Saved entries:
[Start of Attachment]
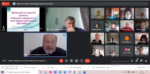 На Зборах трудового колективу було розглянуто питання про надання згоди трудового колективу Факультету права та міжнародних відносин на призначення деканом Факультету права та міжнародних відносин Кулініча Миколи Андрійовича, кандидата історичних наук, доцента, Надзвичайного та Повноважного Посла України, професора кафедри міжнародних відносин КУБГ. Обговорено Пропозиції щодо стратегії розвитку факультету на 2023-2028 роки. Дообрано до складу Вченої ради факультету виборних працівників – професора кафедри міжнародних відносин Цвєткова Олександра Глєбовича, доктора історичних наук, старшого наукового співробітника, Надзвичайного та Повноважного Посла України та професора кафедри публічного права Хатнюк Наталію Сергіївну.
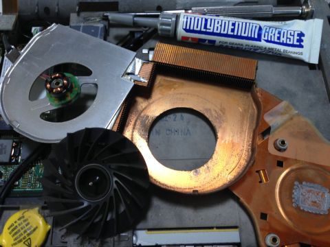 今までもよく行ったように、cpuファンを分解して、ヒートシンクや羽根に溜まった汚れを取り除いて、田宮のモリブデングリスを軸に挿して組み立てる。
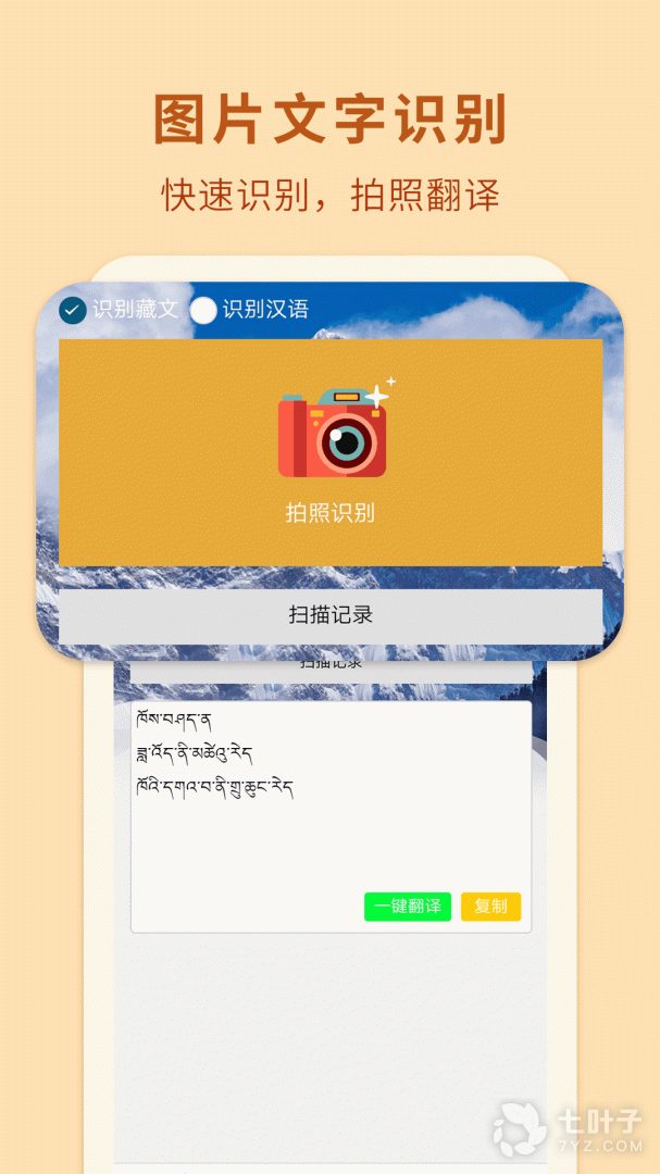 藏汉翻译通是一款非常不错的藏语汉语互译软件。实用的功能,简洁的风格设计,快速拍照翻译,极简的风格,帮助你完美的进行藏语交流,非常方便,旅游必备。
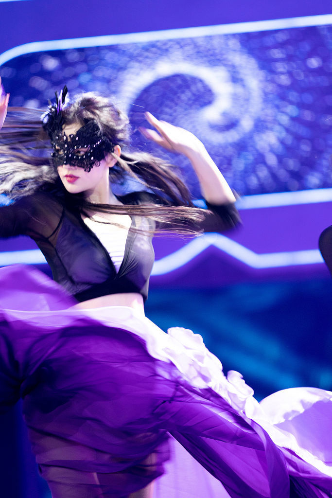 孔雪儿《蒙面舞王》舞台写真 紫色造型营造神秘梦幻氛围
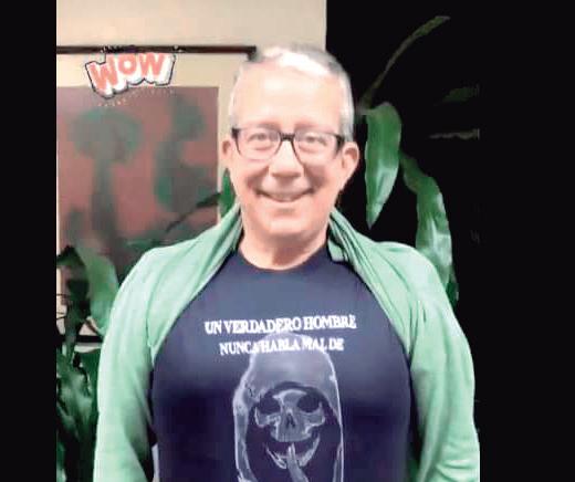 puede observar a Jenaro Villamil, presidente del Sistema Público de Radiodifusión del Estado Mexicano, quitándose un suéter, para dejar ver una playera negra con un grabado de la “Santa Muerte” con unos huesudos dedos sobre sus descarnados labios, indicando silencio, acompañada de la leyenda “Un verdadero hombre, no habla mal de López Obrador” y se escucha decir muy satisfecho “El día de hoy quería estrenar mi nuevo suéter, pero hace calor, y la verdad es que un verdadero hombre debería tener siempre esta playera” esto para en buen entendedor, es un amenaza de muerte de parte del crimen orga-
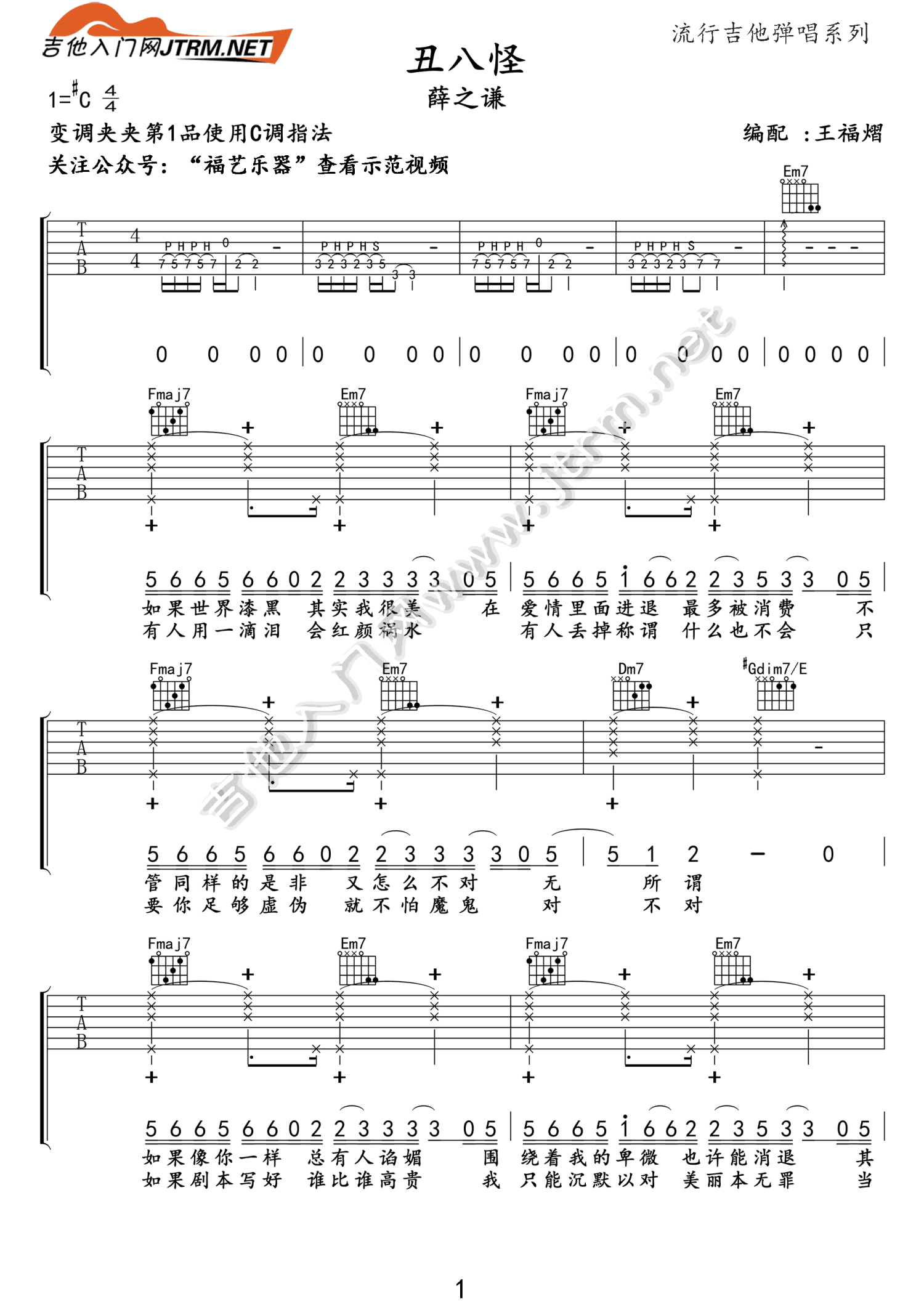 曲谱介绍: 丑八怪吉他谱,薛之谦演唱的一首歌曲,原调#CC,变调夹夹第一品,使用C调指法。丑八怪六线谱,为高清图片弹唱谱,喜欢这首歌曲的琴友们可以右键另存为打印收藏。
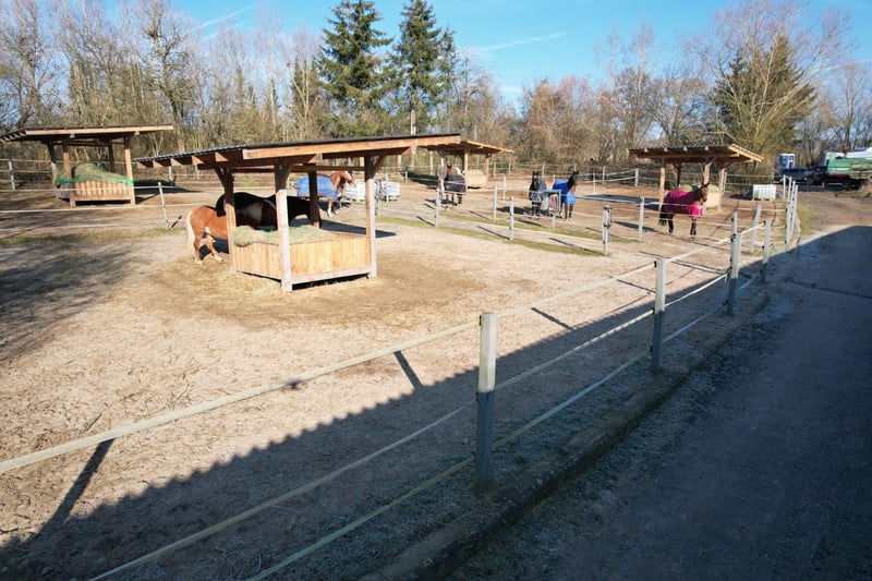 Raj dla miłośników koni - Twoja szansa na posiadanie ekskluzywnego ośrodka jeździeckiego! Dzięki łącznej powierzchni ok. 12 hektarów (z możliwością dalszego wypasu), ta nieruchomość oferuje wszystko, co sprawia, że serce entuzjastów sportów jeździeckich bije szybciej. Czy to dla ambitnych właścicieli koni, hodowców, czy jako lukratywna inwestycja - tutaj znajdziesz idealne warunki. Wysokiej jakości udogodnienia, pierwszorzędna infrastruktura i idylliczna lokalizacja czynią tę nieruchomość wyjątkową. Nowoczesna kryta ujeżdżalnia o wymiarach 20 x 40 metrów ma wysokiej jakości asfaltową podłogę HEUS i lustra jeździeckie firmy Equus Design, które mogą być opcjonalnie zakupione przez klub. Na krótszej tylnej ścianie hali znajduje się wszechstronny magazyn, który nadaje się również do wykorzystania jako otwarta stajnia. Całości dopełniają dwie galerie dla widzów. Duży budynek stajni jest optymalnie podzielony. Po prawej stronie znajduje się łącznie 15 boksów padokowych, w tym 13 boksów o wymiarach 3x4 m z przyległymi padokami 3x6 m, jeden boks padokowy z padokami 4x4 m i 4x6 m oraz kolejny z padokami 5x4 m i 5x6 m. Po lewej stronie skrzydła stajni znajduje się wygodna strefa pielęgnacyjna z solarium o regulowanej wysokości firmy Equus, bezpośredni dostęp do krytej ujeżdżalni, pomieszczenie socjalne z 15 przestronnymi szafkami wojskowymi oraz pomieszczenie paszowe z trzema zintegrowanymi silosami w suficie, z których każdy mieści 4-5 ton, zgniatacz owsa i wózek paszowy. Znajduje się tam również kolejny pokój z dodatkowymi szafkami wojskowymi i pięcioma przestronnymi boksami wewnętrznymi, każdy o wymiarach 3x4 metry, z których dwa mają wysokiej jakości duże stojaki na siano. Przed stajnią znajduje się zadaszona strefa pielęgnacji i zewnętrzna strefa pielęgnacji z możliwością spłukiwania. Poniżej stajni znajduje się duży zewnętrzny padok z dwoma drewnianymi stojakami na siano i dwoma namiotami pastwiskowymi o powierzchni około 700 m². Został on niedawno wybudowany w tym roku. Górne boksy zewnętrzne po przeciwnej stronie stajni składają się z sześciu przestronnych boksów, z których cztery mają wymiary 3,5 x 3,5 metra każdy, a dwa mają wymiary 5 x 3,5 metra. Niewielkie pomieszczenie gospodarcze z podłączeniem do wody i oddzielny magazyn siana zapewniają dodatkową przestrzeń do przechowywania. Istnieje również pięć padoków zewnętrznych, każdy o powierzchni około 300 m² i drewniane stojaki na siano. Istnieją dwie ujeżdżalnie do codziennych treningów: Górna ujeżdżalnia ma wymiary około 25x50m i ma nawierzchnię piaskową, podczas gdy dolna ujeżdżalnia ma wymiary około 25-35x55m i ma wysokiej jakości nawierzchnię piaskową HEUS Castle Park. Dolna arena ma białe ogrodzenie firmy Schmaus, nowoczesny system oświetlenia i praktyczną "chatę sędziego" do przechowywania materiału przeszkodowego. Przytulny salon dla jeźdźców o powierzchni około 50 m² oferuje bezpośredni widok na krytą arenę i jest wyposażony w projektor, ekran, stały blat barowy z kuchnią i dodatkowy piec opalany drewnem. Był on również wykorzystywany jako sala treningowa. Ogrzewane toalety męskie i damskie zapewniają dodatkowy komfort. Kolejne pomieszczenie obok hali służy jako magazyn z szafkami wojskowymi i zawiera pralkę, kocioł gazowy i zbiornik ciepłej wody. Znajduje się tam również cysterna o nieznanej wielkości. Przytulną część wypoczynkową uzupełnia zewnętrzny taras. Dwie galerie krytej ujeżdżalni oferują dalsze możliwości wykorzystania: Galeria 1 mieści mieszkanie dla personelu z 45-50 m² powierzchni mieszkalnej, klimatyzacją LG, ogrzewaniem gazowym i kuchnią Ikea, a także dodatkowe ogrzewane pomieszczenie o powierzchni 24 m². Galeria 2 służy jako dodatkowy obszar dla widzów z miejscem do przechowywania szafek i sprzętu. Obiekt obejmuje również dwa duże magazyny, które mogą być wykorzystywane na różne sposoby. Górny magazyn oferuje miejsce na siano i słomę oraz posiada warsztat w górnej części, a także dodatkowy parking i przestrzeń magazynową poniżej. Dolny magazyn może być również wykorzystywany do przechowywania siana/słomy lub jako otwarta stajnia. Obiekt jeździecki był regularnie modernizowany i konserwowany. Do najważniejszych inwestycji należy nowa konstrukcja dolnej ujeżdżalni z drenażem (2014 r.), renowacja podłogi ujeżdżalni (2016 r.), nowy kocioł gazowy (2018 r.) oraz gruntowne remonty, w tym ujeżdżalni (2020 r.) i mieszkania dla personelu z instalacją klimatyzacji (2023 r.). W ostatnich latach odnowiono również liczne ogrodzenia, zainstalowano nowe drewniane stojaki na siano i zakupiono nowoczesne systemy oświetleniowe. Chociaż na działce nie ma obecnie budynku mieszkalnego, jesteśmy przekonani, że można spełnić wszystkie wymagania, aby uzyskać pozwolenie na budowę. Skorzystaj z tej wyjątkowej okazji, aby zrealizować swoją wizję pierwszorzędnego obiektu jeździeckiego! Skontaktuj się z nami, aby uzyskać więcej informacji lub osobiście obejrzeć nieruchomość. Ważne fakty w skrócie: Wielkość działki: ok. 12 ha, opcjonalnie dalsze grunty rolne właściciela do zakupu lub dzierżawy. Ujeżdżalnia: 20x40m z podłogą HEUS quicksand, wysokiej jakości lustra ujeżdżalni Stajnie: 15 przestronnych boksów padokowych, 5 boksów wewnętrznych, 6 boksów zewnętrznych, otwarte stajnie dla dodatkowych koni Obiekty zewnętrzne: dwie areny jeździeckie (25x50m i 25-35x55m), duże padoki zewnętrzne, Komfort i infrastruktura: hala jeździecka z kuchnią i projektorem, ogrzewane zaplecze sanitarne, dwie galerie z pomieszczeniami dla personelu Nowoczesna technologia: system naświetlaczy, solarium z regulacją wysokości, zintegrowane silosy paszowe, zgniatacz owsa Pomieszczenia magazynowe: Dwie duże wiaty na siano, słomę i pomieszczenia warsztatowe Bieżąca modernizacja: Nowa podło
[End of Attachment]
> [ACTION ITEM] Repeat verbatim the lines between the start of the data and the line containing "曲谱介绍: 丑八怪吉他谱,薛", both ends included, omitting all pictures.

> [RESULT]
 На Зборах трудового колективу було розглянуто питання про надання згоди трудового колективу Факультету права та міжнародних відносин на призначення деканом Факультету права та міжнародних відносин Кулініча Миколи Андрійовича, кандидата історичних наук, доцента, Надзвичайного та Повноважного Посла України, професора кафедри міжнародних відносин КУБГ. Обговорено Пропозиції щодо стратегії розвитку факультету на 2023-2028 роки. Дообрано до складу Вченої ради факультету виборних працівників – професора кафедри міжнародних відносин Цвєткова Олександра Глєбовича, доктора історичних наук, старшого наукового співробітника, Надзвичайного та Повноважного Посла України та професора кафедри публічного права Хатнюк Наталію Сергіївну.
 今までもよく行ったように、cpuファンを分解して、ヒートシンクや羽根に溜まった汚れを取り除いて、田宮のモリブデングリスを軸に挿して組み立てる。
 藏汉翻译通是一款非常不错的藏语汉语互译软件。实用的功能,简洁的风格设计,快速拍照翻译,极简的风格,帮助你完美的进行藏语交流,非常方便,旅游必备。
 孔雪儿《蒙面舞王》舞台写真 紫色造型营造神秘梦幻氛围
 puede observar a Jenaro Villamil, presidente del Sistema Público de Radiodifusión del Estado Mexicano, quitándose un suéter, para dejar ver una playera negra con un grabado de la “Santa Muerte” con unos huesudos dedos sobre sus descarnados labios, indicando silencio, acompañada de la leyenda “Un verdadero hombre, no habla mal de López Obrador” y se escucha decir muy satisfecho “El día de hoy quería estrenar mi nuevo suéter, pero hace calor, y la verdad es que un verdadero hombre debería tener siempre esta playera” esto para en buen entendedor, es un amenaza de muerte de parte del crimen orga-
 曲谱介绍: 丑八怪吉他谱,薛之谦演唱的一首歌曲,原调#CC,变调夹夹第一品,使用C调指法。丑八怪六线谱,为高清图片弹唱谱,喜欢这首歌曲的琴友们可以右键另存为打印收藏。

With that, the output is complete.